Microgrids benefit greatly from using AC–DC and DC–DC converters, particularly when incorporating energy storage systems (ESS). These ESSs provide a means to address the absence of inertia in the networks, with many of them running on DC power. To manage power in these ESSs, either DC–DC converters or AC–DC converters are required. However, the control of these systems is often complicated, mainly because they are non-linear systems with more than two dynamic variables that need regulation. To reduce the number of sensors in the control of these systems, variable estimation and sensorless control strategies can be employed. Generally, model predictive control (MPC) helps reduce the need for sensors, as predictive models allow for estimating variables required in real-time, where a modular rectification system and a finite-control-set MPC are presented to control the same system.
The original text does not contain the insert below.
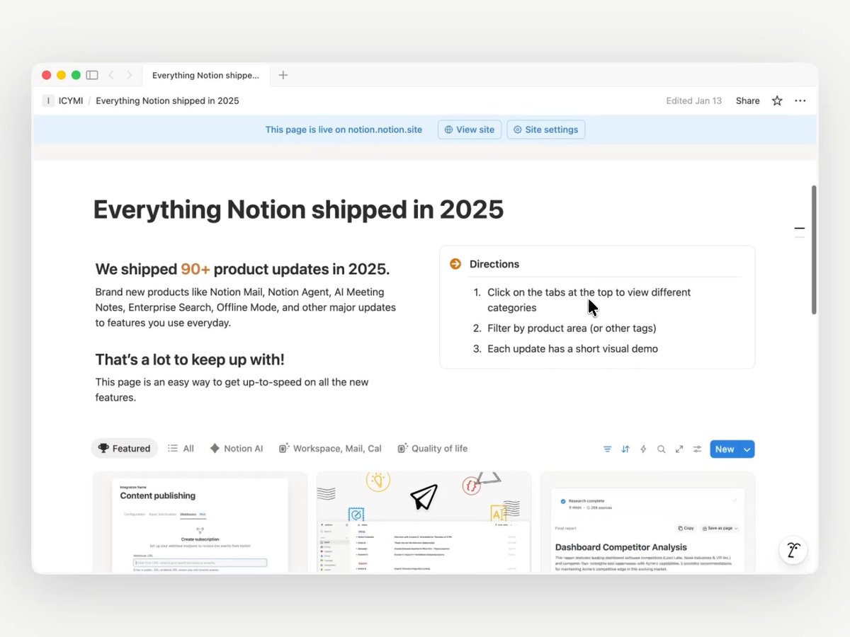 @NotionHQ製品·2026年1月27日Notion、2025年に90超の製品アップデートをリリース リキャップページを公開Notionは2025年に90以上の製品アップデートを実施したと発表した。主要機能の追加から細かな改善までを含み、すべてのアップデートを閲覧できる専用ページを公開した。

This is demonstrated in [7]

Contributions [8,9] of this Special Issue provide innovative approaches for generalizing sensorless control strategies for different types of DC–DC converters [8] and for rectifying AC–DC using DC–DC converters [9]. In the same context of DC–DC converters, it is well-known that these converters can operate in continuous and discontinuous modes when they operate with synchronous commutation. Successfully operating in the discontinuous mode, without compromising the quality of the electrical energy, can be essential to reducing losses in these systems. Contribution [10] of the Special Issue carries out a performance evaluation of both modes of operation in SEPIC, Cuk, and Zeta converters.
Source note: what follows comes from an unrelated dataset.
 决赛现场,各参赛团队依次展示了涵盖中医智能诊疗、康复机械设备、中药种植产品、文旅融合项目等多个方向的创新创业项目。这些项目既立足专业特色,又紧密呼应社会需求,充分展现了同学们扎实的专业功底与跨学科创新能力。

It is essential to highlight that DC microgrids have gained much attention, particularly bipolar DC grids. Because they have a neutral conductor, these grids have the advantage of reducing return currents through the existing neutral. It is easier to detect and protect the system in the event of a fault when compared to unipolar DC grids. The bipolar DC grid concept is more efficient, flexible, and of higher quality than conventional unipolar networks [11]. The paper [12] addresses the problem of constant power flows in a radial bipolar DC grid with multiple unipolar and bipolar loads and proposes a solution. Analyses, including loss calculations, were performed considering both the presence and absence of a ground connection to the neutral in different standard networks, such as the IEEE 85-bus system.

The paper [13] proposes a methodology to minimize the annual cost of energy purchasing and investment in PV sources for a 20-year planning period. The methodology uses a mixed-integer, nonlinear programming model and a master–slave approach with a discrete-continuous version of the Vortex Search Algorithm. The numerical results show the efficiency and effectiveness of the proposed approach for solving the location and dimensioning problem of PV systems in distribution networks. The proposed methodology is independent of the number of nodes in the network, and the solution quality is of greater importance than total processing times.

Finally, this Special Issue includes a review of micro-inverters. In [14], the increasing importance of renewable energy sources and PV modules for electricity generation is discussed. It highlights the use of micro-inverters as a promising solution due to their high efficiency and flexibility. The article reviews different control strategies for micro-inverters, particularly focusing on problems such as partial shading in PV modules. However, it is noted that there has been little research on stability and robustness analysis of these strategies. Contribution [14] also shows that advancements in semiconductor technology and cost reduction have led to increased studies on micro-inverters. The article emphasizes that the design of the control strategy, as well as the selection and design of electronic components, is essential to improve the reliability and functionality of micro-inverters.